### Data extracts:

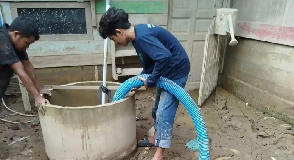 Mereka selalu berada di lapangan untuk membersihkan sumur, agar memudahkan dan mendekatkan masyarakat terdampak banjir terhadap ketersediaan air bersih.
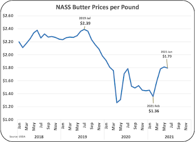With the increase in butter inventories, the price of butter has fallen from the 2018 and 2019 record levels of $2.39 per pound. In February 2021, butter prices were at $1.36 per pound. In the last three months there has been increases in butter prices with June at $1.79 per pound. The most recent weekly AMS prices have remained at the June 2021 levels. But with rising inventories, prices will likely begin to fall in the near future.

...

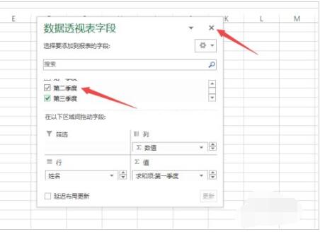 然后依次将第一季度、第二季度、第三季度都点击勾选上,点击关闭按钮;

### What this task involves:
In the records above, everything from the line with "Mereka selalu berada" down to the line with "With the increase" must be duplicated exactly, both lines kept. Leave no pictures in.

### Answer box:
 Mereka selalu berada di lapangan untuk membersihkan sumur, agar memudahkan dan mendekatkan masyarakat terdampak banjir terhadap ketersediaan air bersih.
With the increase in butter inventories, the price of butter has fallen from the 2018 and 2019 record levels of $2.39 per pound. In February 2021, butter prices were at $1.36 per pound. In the last three months there has been increases in butter prices with June at $1.79 per pound. The most recent weekly AMS prices have remained at the June 2021 levels. But with rising inventories, prices will likely begin to fall in the near future.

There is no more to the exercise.